Il “Quartetto Improvviso” nasce dalla comune intenzione di quattro musicisti savonesi cresciuti in ambienti musicali differenti di far conoscere e apprezzare la letteratura musicale per quartetto a pizzico. Diplomati brillantemente presso diversi Conservatori italiani e Istituti musicali, i musicisti si esibiscono costantemente in Italia e all’estero. Nel luglio del 2006 sono stati protagonisti di una tournée a New York, al Festival Internazionale di mandolino, dove hanno presentato un programma interamente dedicato ai compositori italiani.
Il repertorio del quartetto spazia dalla musica originale per questa formazione a partire dal ‘700 (Vivaldi, Munier, Calace, Amadei) a celebri pagine della tradizione napoletana (Mezzacapo, Di Capua) fino ad arrivare ad un repertorio contemporaneo (Kreidler, Machado, Pakenham, Gerswhin). Presentano inoltre frammenti di opera, pezzi della tradizione popolare e trascrizioni eseguite dagli stessi musicisti di brani dedicati ad altri ensemble strumentali ma che ben si adattano alle sonorità pizzicate dei mandolini e della chitarra; senza dimenticare un doveroso omaggio alle più belle musiche da film (Piovani, Rota, Morricone tra gli altri).
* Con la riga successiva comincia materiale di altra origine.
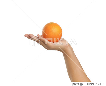 With an orange in hand. Young caucasian woman with slim body shape is indoors in the studio
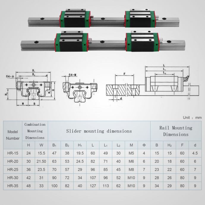Dvije 15 milimetarske vodilice dužine 150 cm i 4 ležaja.
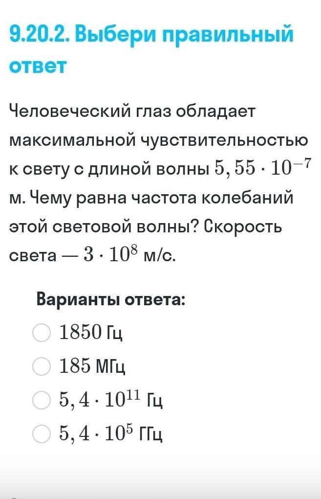 f = v/λ=3*10⁸/5,55*10⁻⁷=0,54*10¹⁵ Гц=5,4*10¹⁴ Гц=5,4*10⁵ ГГц
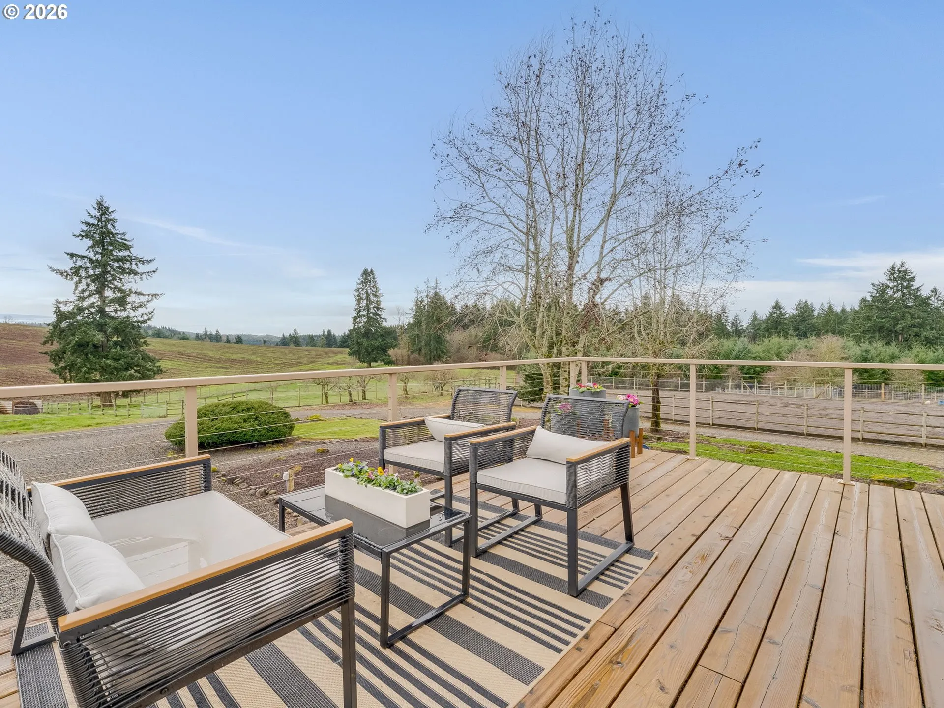 Light-filled with Southern exposure, this gated equestrian estate on over 5 acres offers a plethora of amenities for your farm, horse, cottage business, or hobby delights including possible ADU arrangement. Home features main level living with primary & second bedrooms, two bathrooms, laundry, kitchen, deck and garage all on the main level. The lower level includes 2nd laundry room, family room, 2 bedrooms, bath, covered patio, private outside entrance & abundant storage. A second full kitchen was previously installed. A 48 x 48 barn includes 7 stalls (3 double matted) & tack room.(2 stalls currently used for feed and hay rooms.) The 70 x 120 outdoor arena is fully fenced with all-weather footing. An additional 24×60 shop has a concrete floor & 220 electrical. The home received a new 50 year Presidential roof in 2024. The property has 3 cross-fenced pastures with option for a 4th and offers peaceful views. The largest of trailers & RVs have plenty of pull-through/around space through entrance and exits with automatic Ghost gates. RV hookups include electrical & water. This gracious property features many fruit trees, a fire pit, and endless other possibilities to enjoy this special country setting. This property currently has farm tax-deferred status. Buyer to do diligence regarding needs and uses.
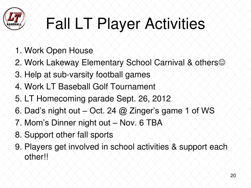 Fall LT Player Activities 1. Work Open House 2. Work Lakeway Elementary School Carnival & others 3. Help at sub-varsity football games 4. Work LT Baseball Golf Tournament 5. LT Homecoming parade Sept. 26, 2012 6. Dad’s night out – Oct. 24 @ Zinger’s game 1 of WS 7. Mom’s Dinner night out – Nov. 6 TBA 8. Support other fall sports 9. Players get involved in school activities & support each other!! 20
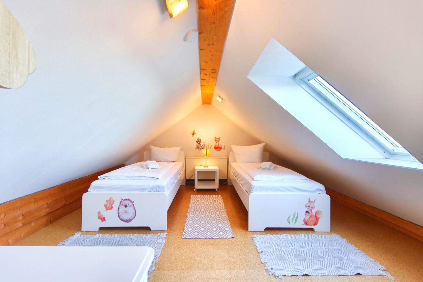 Das Obergeschoss ist das perfekte Rückzugsgebiet für die kleinen Gäste. Es besteht aus zwei Räumen, die den Kindern viel Platz zum Spielen und Entspannen bieten:
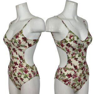 Etro Cutout Floral Print One Piece Swimsuit S White Berry Design Beach Italy
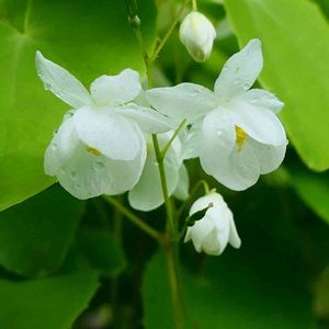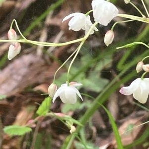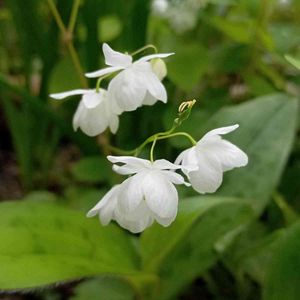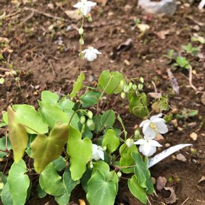 イカリソウの仲間とは思えないような形の花、小さくて白い妖精が飛んでいるようです(*˘︶˘*).。*♡ 花の形が梅の花に似ていることからバイカイカリソウ「梅花錨草」と名前が付いたそうです。 本州の中国地方、四国、九州の山地に生える多年草 メギ科イカリソウ属
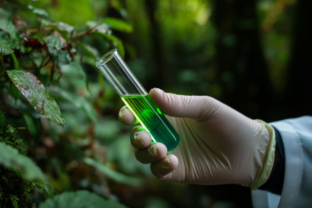 A scientist in gloves holds a test tube filled with bright green liquid amidst a rich, natural landscape. The vibrant greenery enhances the focus on the scientific work being done outdoors.
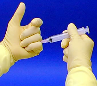 The needle cover is removed to draw the drug solution from the ampule. Draw the needle cover straight off the needle - do not turn or the needle will come loose from the syringe.
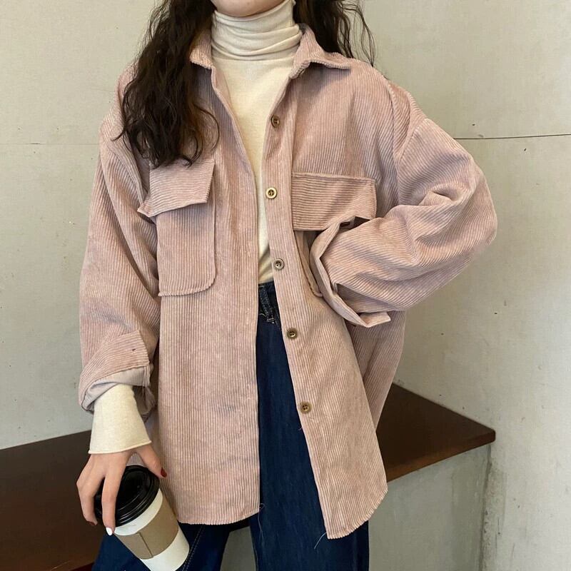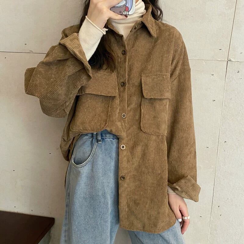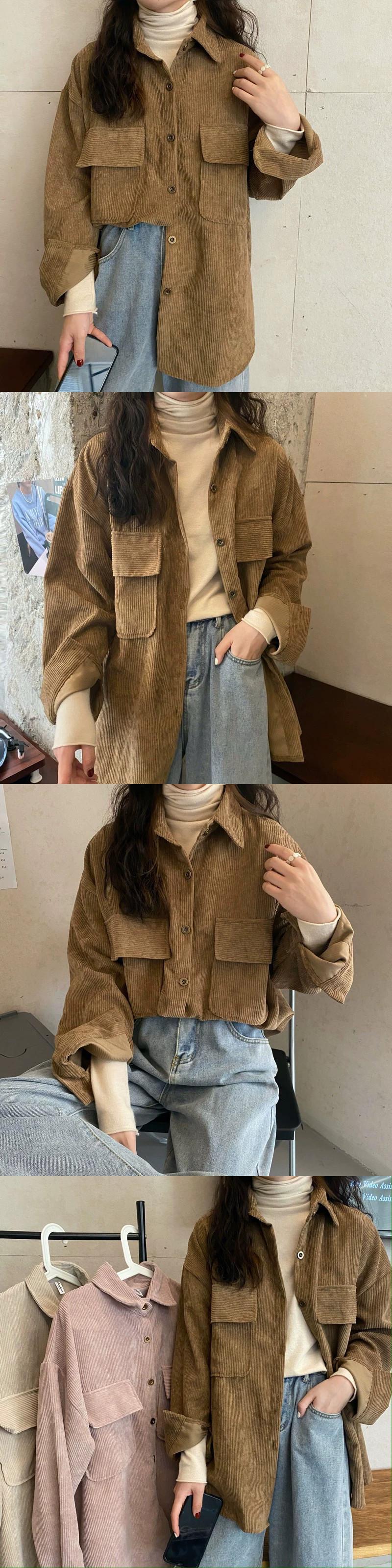 ミッドレングスのコーデュロイシャツジャケットレディース、秋冬レトロデザイン、ルーズでスリムなアウターウェア、レイヤード長袖シャツ ロング レッド オータム 秋物 ウィンター 冬物 7460019326039455 | framboise21
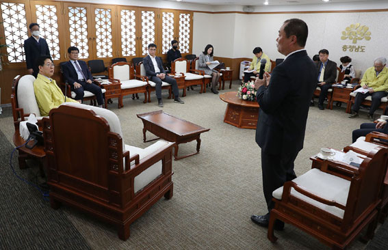 | | ¡è¡è <»çÁøÁ¦°ø=Ãæ³²µµ> | ¨Ï ¿Â¾ç½Å¹® | | Ãæ³²µµ´Â 4¿ù 1ÀÏ µµÃ» Á¢°ß½Ç¿¡¼ Äڷγª19ÀÇ Áö¿ª»çȸ È®»ê Â÷´ÜÀ» À§ÇÑ ¡®°ü±¤¡¤À§»ý¾÷°è °ü°èÀÚ °£´ãȸ¡¯¸¦ ¿°í, Äڷγª19 ´ëÀÀ ÇùÁ¶¸¦ ¿äûÇß´Ù.
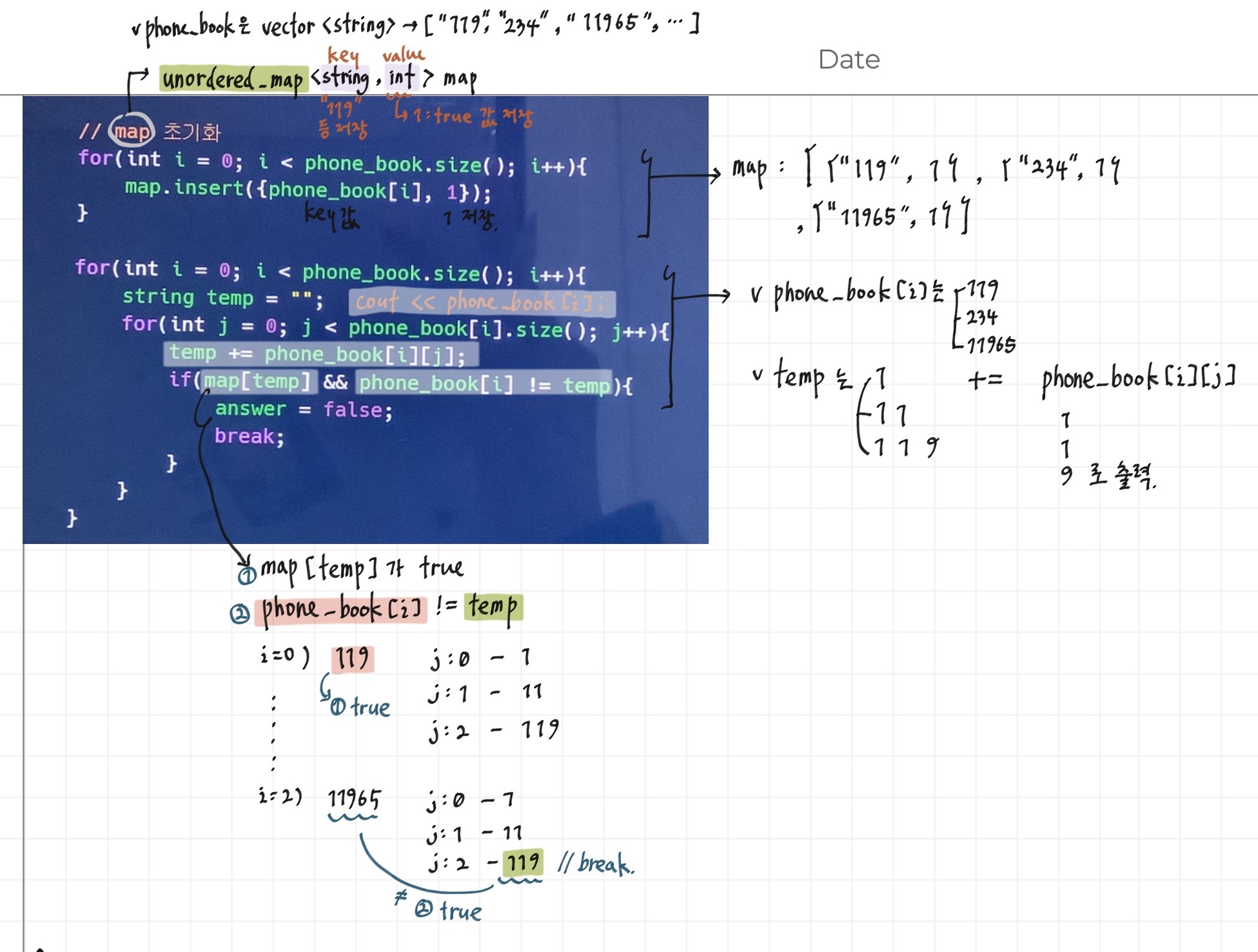 // phone_book[i]가 119일 때, map[temp]가 true가 된다. -> 틀린 답이 출력됨.
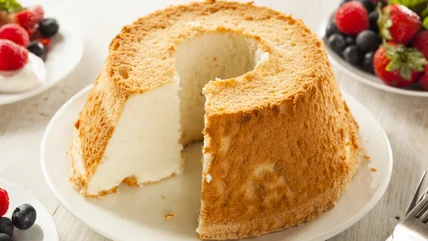Angel food cake is an ideal dessert to serve in the heat of the summer when you crave something sweet, yet light and airy. Compared to other cakes that rely on baking soda or baking powder as leavening agents, the beloved American classic sponge cake achieves its rise and fluffy, cloud-like nature by whipping egg whites (typically up to a dozen in a standard cake recipe).
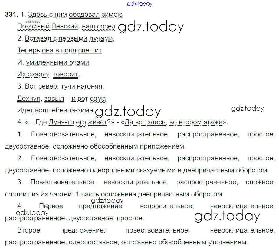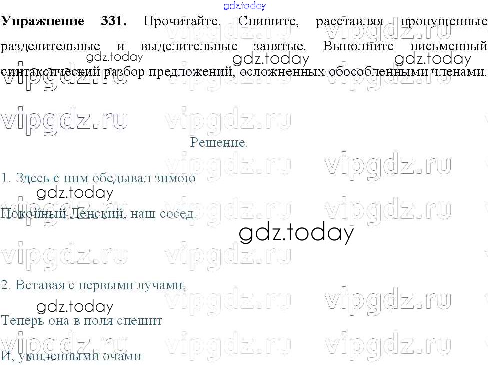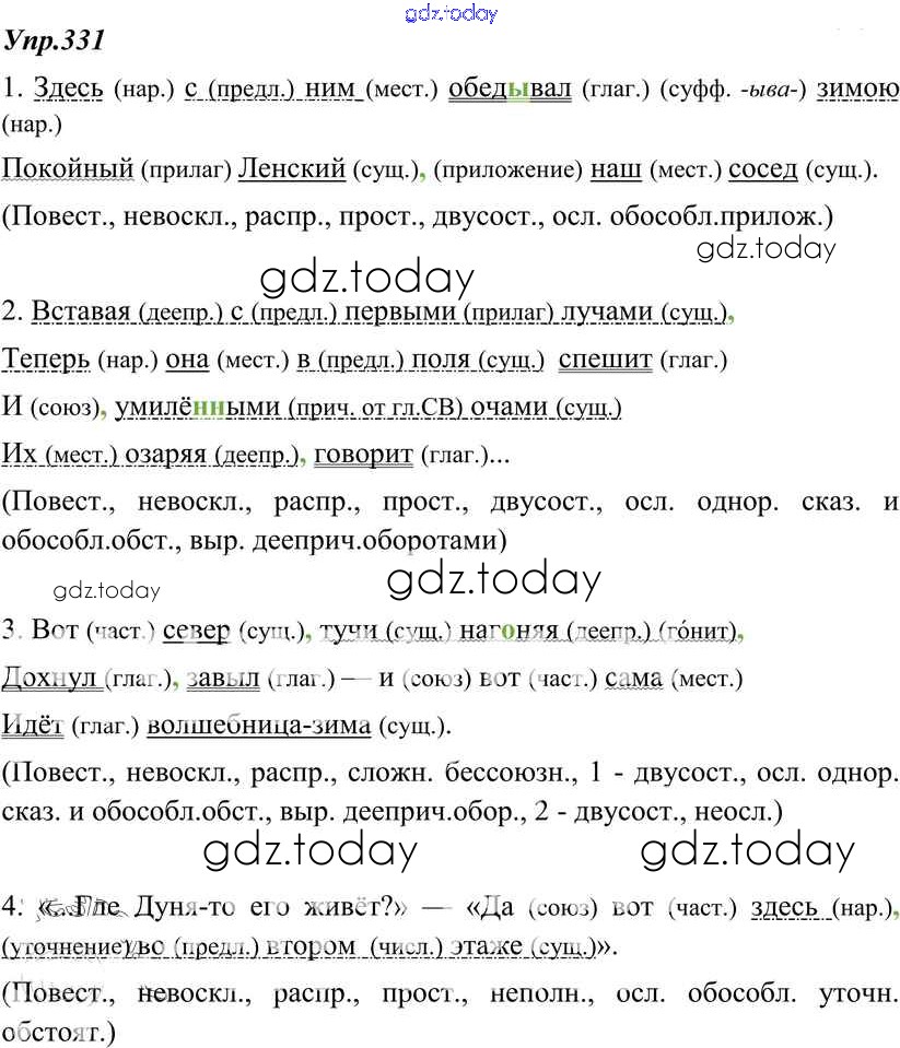 Ответы к Решение к упражнениям 331 Учебнику по Русскому языку для 8 класса Тростенцова, Ладыженская Просвещение 2014
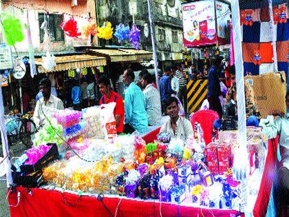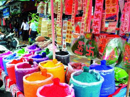 डायमंड स्टीकरला प्राधान्य : रांगोळी व विविध रंग ग्लासमधून दिले जातात. ग्लासची किंमत प्रत्येकी १० रुपये आहे. सोनी भोजिया या विक्रेतीने सांगितले की, रांगोळीच्या स्टीकरची किंमत ३० ते ५० रुपये आहे. स्टीकर्समध्ये विविध प्रकार यंदा पाहायला मिळत आहेत. मोठे स्टीकर १२० रूपयाला आहेत. त्यावर वापरण्यात आलेल्या डायमंडमुळे ते आकर्षक दिसत आहेत. दरवाजाच्या उंबºयावर लावण्यासाठीचे स्टीकर २० ते १०० रूपयांपर्यंत आहेत. डायमंड स्टीकरला ग्राहक अधिक पसंती देत आहेत.

Dario B. Caruso, all’età di dieci anni intraprende gli studi musicali con Giulio Vallerga e consegue il diploma presso il Conservatorio Musicale di Cuneo (allora sezione staccata del G. Verdi di Torino). Da allora l’attività si evolve sotto molteplici forme. Come concertista presenta in Italia, in Francia e in Spagna il suo repertorio, orientato sul Novecento. Come compositore prende parte al Premio Internazionale di Composizione di Cordoba ottenendo consensi di critica e destando l’attenzione delle Edizioni Bérben di Ancona che pubblica “Omaggio a Castelnuovo Tedesco” per chitarra sola e “Le voci dell’anima” per tre chitarre. L’impegno di diffusione della cultura musicale si concretizza nel tessuto intellettuale della sua città attraverso il “Circolo degli Inquieti” (socio fondatore), l’Associazione Culturale “Savona in Musica” (dal 1995 al 2010), “Il Manipolo della Musica” e la Compagnia Teatrale “Miagoli” dal 2011. Nel 2017 esce il suo cd “Alone” per la Casa Musicale Eco contenente sue composizioni cantautorali e per chitarra sola.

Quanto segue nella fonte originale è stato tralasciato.